Chou à la crème

by - 02:16

Chou a la creme

Makes 8

 

Choux pastry

60ml water

30g butter

a pinch of salt

70g flour

2 (small) eggs

 

Filling

1 egg

165ml milk

60g sugar

25g flour

a drop of vanilla extract


+150g whipping cream or sour cream, 25% fat content (beaten with 20g sugar)


It took too long for this recipe to get to you (it is still my Mom’s recipe!) – I was very stressed over the last period but it’s getting better –. These cakes turned out so delicious... that I could not not share their taste with you.

 

The shells are made like in the case of éclairs

Add the water, the butter, and the salt into a pan and place it on low heat. When the mixture boils, add the flour at once, stirring fast with a wooden spoon. Turn off the heat and let the dough cool. Add the eggs one by one, stirring continuously. Don’t add an egg until the one before was fully incorporated.

Half-fill a pastry bag with a 1-cm nozzle and – on a baking tray lined with parchment paper – pipe out dough half an egg large, and not bars.
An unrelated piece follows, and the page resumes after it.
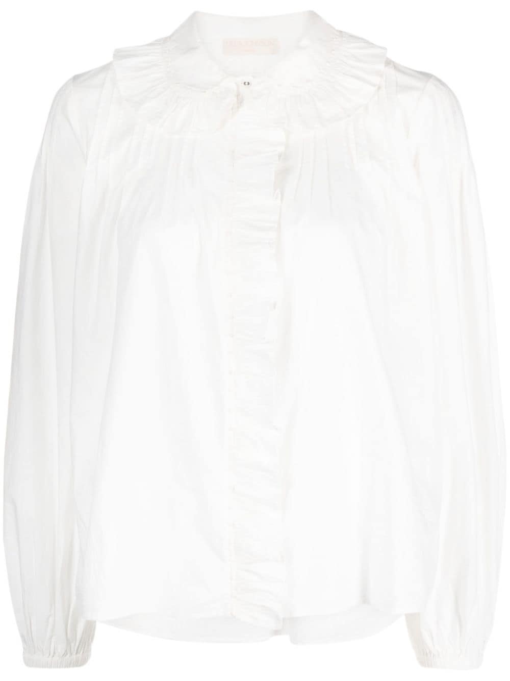 Dolores cotton blouse Highlights - White - Cotton - Poplin texture - French knot detailing - Pintuck detailing - Ruffled detailing - Round neck - Concealed front button fastening - Long bishop sleeves - Elasticated cuffs - Straight hem Imported Composition Cotton 100% SIZE & FIT Model measurements Height 5 ft 11 in(1.8 m) Bust/Chest 33.07 in(84 cm) Hips 37.4 in(95 cm) Waist 25.19 in(64 cm) FittingInformation Designed to be unstructured, offering a loose fit throughout Made from a midweight non-stretch fabric This piece fits true to size – take your usual size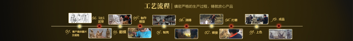 制作一件完美的鑄銅雕塑,最重要的步驟就是制作泥塑模型,然后再用工業(yè)硅膠拓印、翻模。所以泥塑的姿態(tài)、神情生動(dòng)與否直接影響最終銅雕塑的品質(zhì)。所以我廠一直對(duì)泥塑模型的制作格外重視。我廠以雕塑為本,以藝術(shù)為根,挾中華文化之傳統(tǒng),偕歐陸藝術(shù)之風(fēng)韻,風(fēng)格獨(dú)特,盡顯淋漓盡致。我們本著大膽創(chuàng)新、勇于突破的精神,以追求卓越為導(dǎo)向,堅(jiān)持寧缺勿濫為原則,并可依照您提供的要求,為您量身設(shè)計(jì)制作。我廠人才濟(jì)濟(jì),有智慧嚴(yán)謹(jǐn)?shù)墓芾戆嘧樱姸嗄贻p充滿激情、充滿創(chuàng)意的專(zhuān)業(yè)設(shè)計(jì)團(tuán)隊(duì)、有專(zhuān)業(yè)技術(shù)精湛的雕塑制作人才和專(zhuān)業(yè)的施工隊(duì)伍。他們不僅具深厚的文化藝術(shù)底蘊(yùn),更汲取當(dāng)代雕塑精華,博采眾家之長(zhǎng),作品既有嚴(yán)肅莊重寫(xiě)實(shí)題材,也有輕松前衛(wèi)的抽象題材,表現(xiàn)手法上浪漫主義中不乏樸實(shí),現(xiàn)實(shí)主義中蘊(yùn)涵著激情,設(shè)計(jì)理念貫穿古今、融匯中西,深刻詮釋著藝術(shù)的精髓,把古典主義和后現(xiàn)代主義完美的融合,將雕塑藝術(shù)演繹為力的凝聚、美的體現(xiàn),讓人們感受到的不僅是一種藝術(shù)的浪漫與優(yōu)雅、粗獷與悲壯、更是豐富的優(yōu)秀藝術(shù)寶藏和文化傳統(tǒng),讓您在藝術(shù)與文化中穿流,在時(shí)空中飄蕩,使靈魂在藝術(shù)的海洋洗禮。 MORE+

Bake the shells in the preheated oven, at 190°C, for the first 20 minutes, and then at 170°C, with the oven’s door slightly open, for 20 minutes more.

Pipe out the dough

When the shells are baked, cut off their top and fill the lower part with pastry cream and add a whipped cream layer.

Cut off the top

How to make the pastry cream? Mix the yolk with 2/3s of the sugar amount until you get a foamy cream. Add 1-2 tablespoons of milk and mix again. Add the flour and immediately pour into the milk (simmering with the vanilla extract). Stir continuously until it boils. Remove from heat and add the egg white beaten until stiff with the remaining sugar. /I must tell you that it’s my favourite pastry cream version!/

Make the pastry cream

Going back to the cut-off top, place it back onto the cake and... munch it.